The UK's Putin-Shaped Blindspot

published on 08 March 2022

There is a gaping hole in UK sanctions against Russian individuals.

Boris Johnson claims 100 Russian oligarchs have had their UK Assets frozen.

This simply isn’t true.

Most of the Putin acolytes are not UK residents and, in all likelihood, do not have any directly-held UK assets.

The reason?

To avoid UK taxes as both non-resident / non-domiciles.

No doubt, there are some of these Oligarchs’ children and spouses who have UK Citizenship and are tax resident but non-domiciled.

But most of the afflicted assets, such as high-value properties in London may escape the sanctions.

Why?

Most clients investing in a UK Business or buying property here, will be advised to do so indirectly via a web of offshore companies.

On top of this, they will layer one or more offshore entities including:
1.      Trusts
2.      Foundations
3.      Hybrid Entities such as protected-cell companies and companies limited by guarantee
4.      A Private fund


So will these sanctions have any impact?

The answer lies in a document published by HM Treasury.
Specifically, Paragraph 4.1 deals with ownership and control.
In summary:

1.      If 50% or more of the shares or voting rights in an entity is held (directly or indirectly).
2.      The person has the right directly or indirectly to appoint or remove a majority of Directors.

The sanctions hit a snag in jurisdictions where the share register is not public; or they list one of the above entities owning the shares.  

There is no mention of at all of trusts.

What’s ironic is that trusts first originated in English law, separating legal title and beneficiaries.

In a Discretionary Trust no beneficiary has any fixed entitlement or right.
A Beneficiary does not usually control a Trust.

Therefore, the likelihood of anyone having anything but directly-held UK assets frozen is fairly remote!

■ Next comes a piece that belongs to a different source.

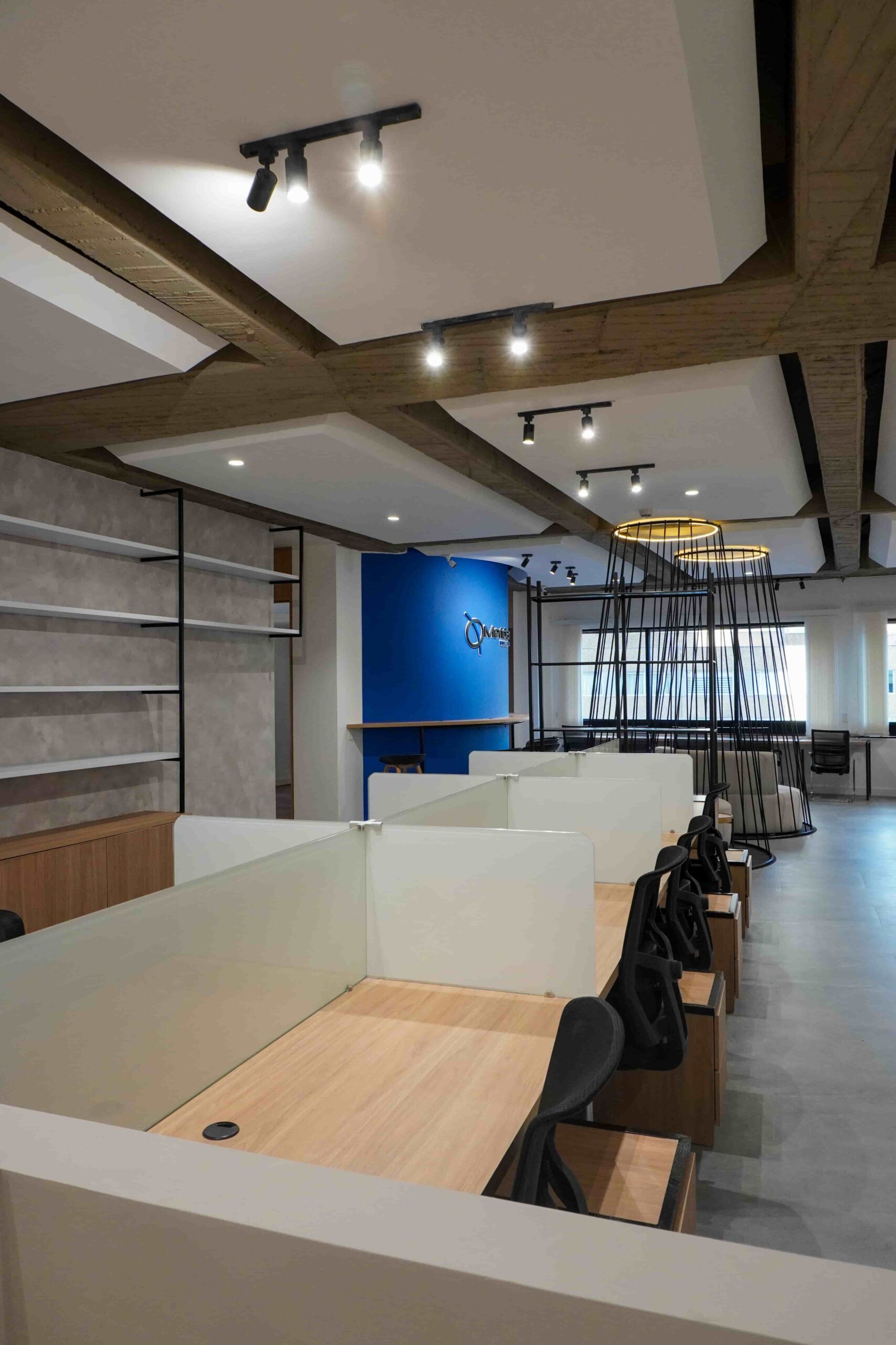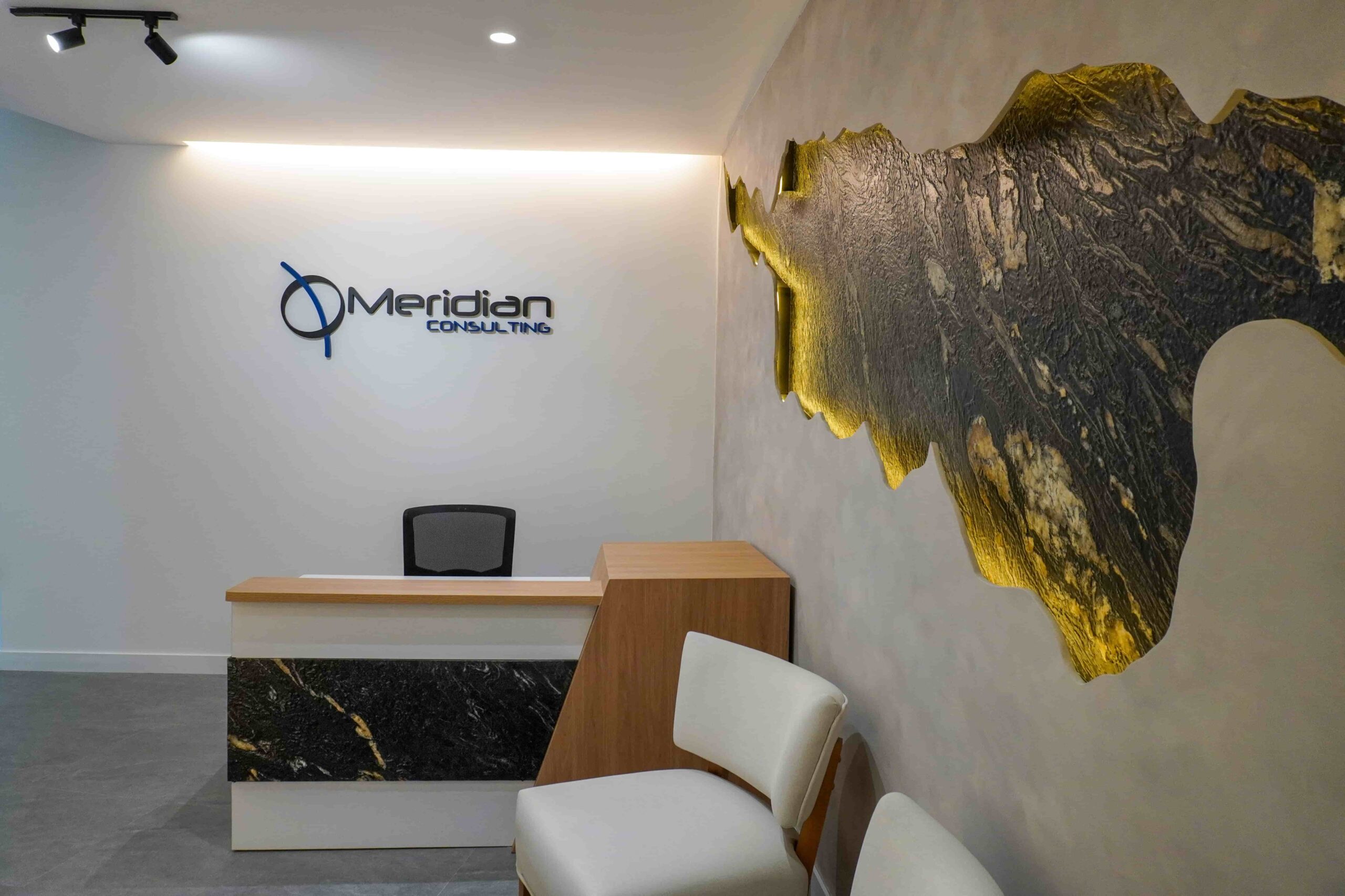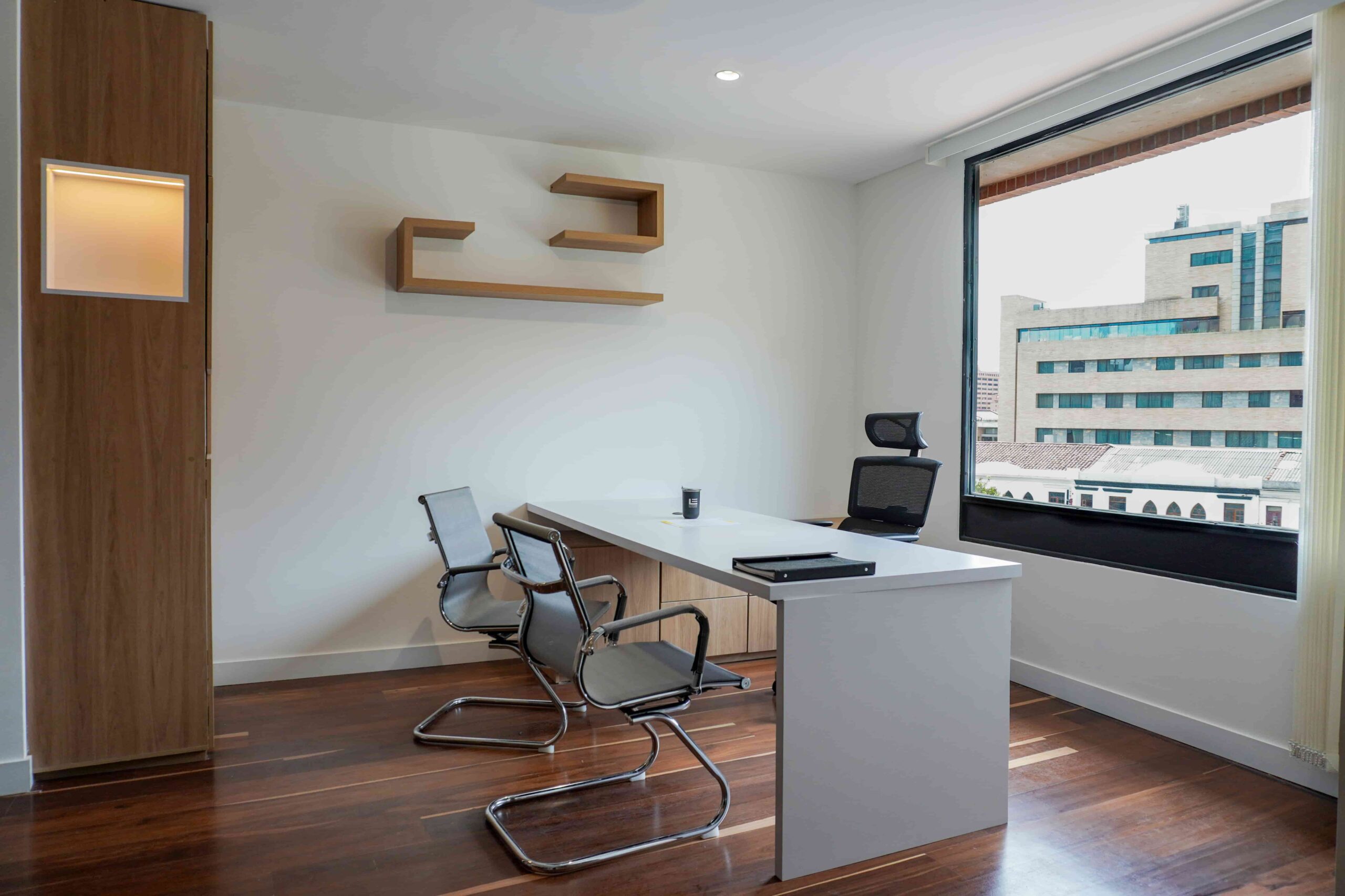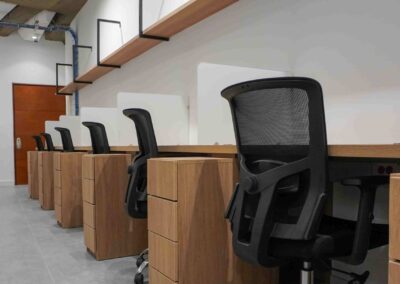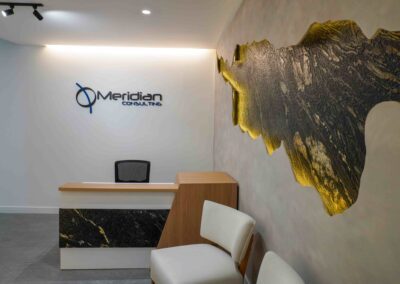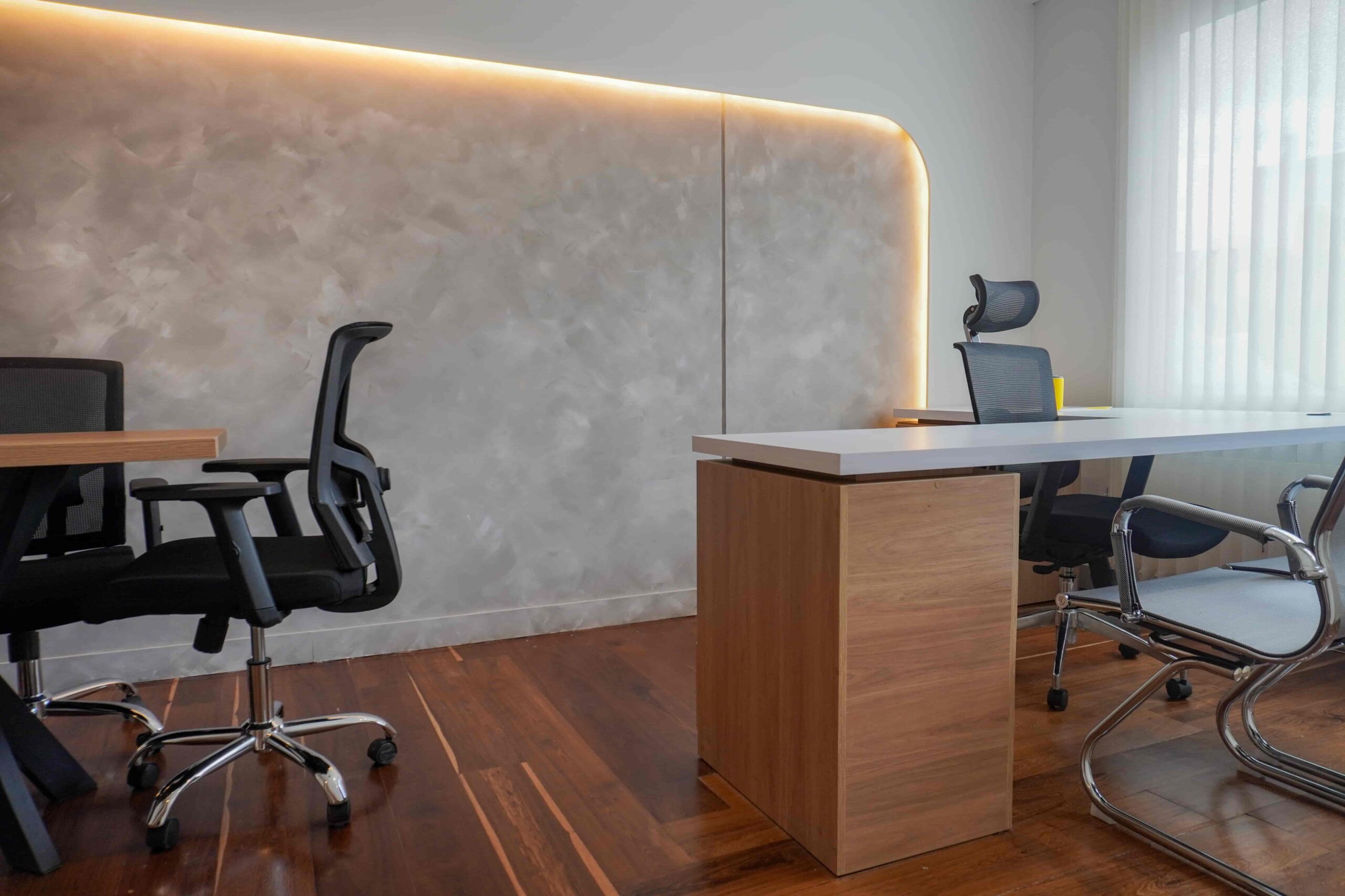 William y César soñaban con que su nueva oficina de geólogos fuera un reflejo de su identidad profesional: un espacio moderno, con carácter y lleno de simbolismo. El lugar que adquirieron tenía una distribución complicada, muros atravesados y ambientes muy oscuros. Desde el diseño de interiores se propuso un estilo industrial que aportara fuerza y autenticidad, acompañado de soluciones que dieran mayor amplitud y luz. Se planteó cambiar los pisos por porcelanato gris en gran formato, ideal para iluminar y modernizar el ambiente. Las salas excesivamente grandes se redistribuyeron para dar cabida a más oficinas y zonas de trabajo. Para aportar calidez, los muros se proyectaron con técnica lime wash en tonos grises y beige, mientras que el mobiliario en madera cálida y estructuras metálicas negras refuerzan la estética industrial. El gran gesto de identidad se diseñó en la recepción: una pared con grieta que deja ver una piedra natural, homenaje a la esencia de la geología.

Sadly, Russians who have adopted good tax planning when acquiring UK assets are not going to be troubled by these sanctions. 

The Treasury must urgently alter their definitions of entities to affect the henchmen of the brutal Putin regime! Rishi Sunak

Source: Chatham House
Source: Chatham House

Update:


This explained why so few Oligarchs have been sanctioned in the UK!
The Economic Crime (Transparency and Enforcement) bill currently being debated in parliament today, is still toothless!

The first part dedicated to forcing overseas entities holding UK property to disclose their beneficial owners.
It does NOT include trusts in it's definition of entities!

These are defined solely in relation to the second part of the act for Unexplained Wealth Orders .

However, only 10 have ever been made and they can be challenged in Court!

Conclusion:

The new rules as drafted, remain weak and ineffective.

Unlikely to effect Oligarchs, who will be able to hide behind trusts and other hybrid vehicles.

There may well be lengthy litigation in relation to any new Unexplained Wealth Orders

That is unlikely to yield much either.